Keyword tokenizer
The keyword
tokenizer ingests text and outputs it exactly as a single, unaltered token. This makes it particularly useful when you want the input to remain intact, such as when managing structured data like names, product codes, or email addresses.
The keyword
tokenizer can be paired with token filters to process the text, for example, to normalize it or to remove extraneous characters.
Example usage
The following example request creates a new index named my_index
and configures an analyzer with a keyword
tokenizer:
PUT /my_index
{
"settings": {
"analysis": {
"analyzer": {
"my_keyword_analyzer": {
"type": "custom",
"tokenizer": "keyword"
}
}
}
},
"mappings": {
"properties": {
"content": {
"type": "text",
"analyzer": "my_keyword_analyzer"
}
}
}
}
Generated tokens
Use the following request to examine the tokens generated using the analyzer:
POST /my_index/_analyze
{
"analyzer": "my_keyword_analyzer",
"text": "OpenSearch Example"
}
The response contains the single token representing the original text:
{
"tokens": [
{
"token": "OpenSearch Example",
"start_offset": 0,
"end_offset": 18,
"type": "word",
"position": 0
}
]
}
Parameters
The keyword
token filter can be configured with the following parameter.

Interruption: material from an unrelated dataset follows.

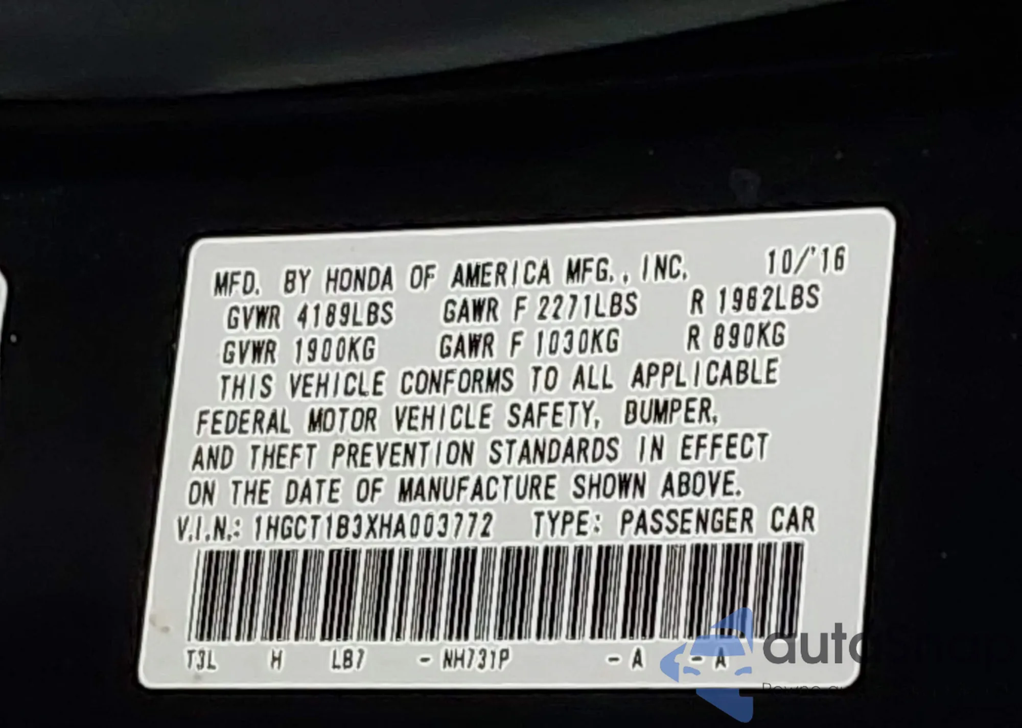 LOT: 43160153 VIN: 1HGCT1B3XHA003772

Parameter | Required/Optional | Data type | Description |
---|---|---|---|
buffer_size | Optional | Integer | Determines the character buffer size. Default is 256 . There is usually no need to change this setting. |
Combining the keyword tokenizer with token filters
To enhance the functionality of the keyword
tokenizer, you can combine it with token filters. Token filters can transform the text, such as converting it to lowercase or removing unwanted characters.

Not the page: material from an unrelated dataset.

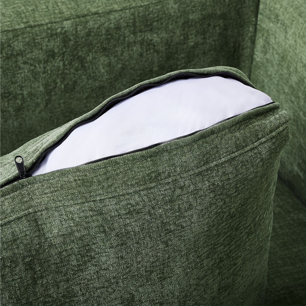 American solid oak and plywood frame.Cotton fabric is breathable, soft, durable, and easy to care for.Seat cushions have fiber-wrapped, high-resiliency polyurethane foam cores.Sinuous spring suspension with reinforced elastic webbing.The upholstery on the sofa adds soft padding for cozy, stylish seating surfaces.Cushion covers unzip to remove.91" sofa designed for 3-4 people's gathering, 2 throw pillows and 2 lumbar pillow are included.Items purchased at different times may not match due to different dye lots, also color perception can vary by lighting and devices.

Example: Using the pattern_replace filter and keyword tokenizer
In this example, the pattern_replace
filter uses a regular expression to replace all non-alphanumeric characters with an empty string:
POST _analyze
{
"tokenizer": "keyword",
"filter": [
{
"type": "pattern_replace",
"pattern": "[^a-zA-Z0-9]",
"replacement": ""
}
],
"text": "Product#1234-XYZ"
}
The pattern_replace
filter removes non-alphanumeric characters and returns the following token:
{
"tokens": [
{
"token": "Product1234XYZ",
"start_offset": 0,
"end_offset": 16,
"type": "word",
"position": 0
}
]
}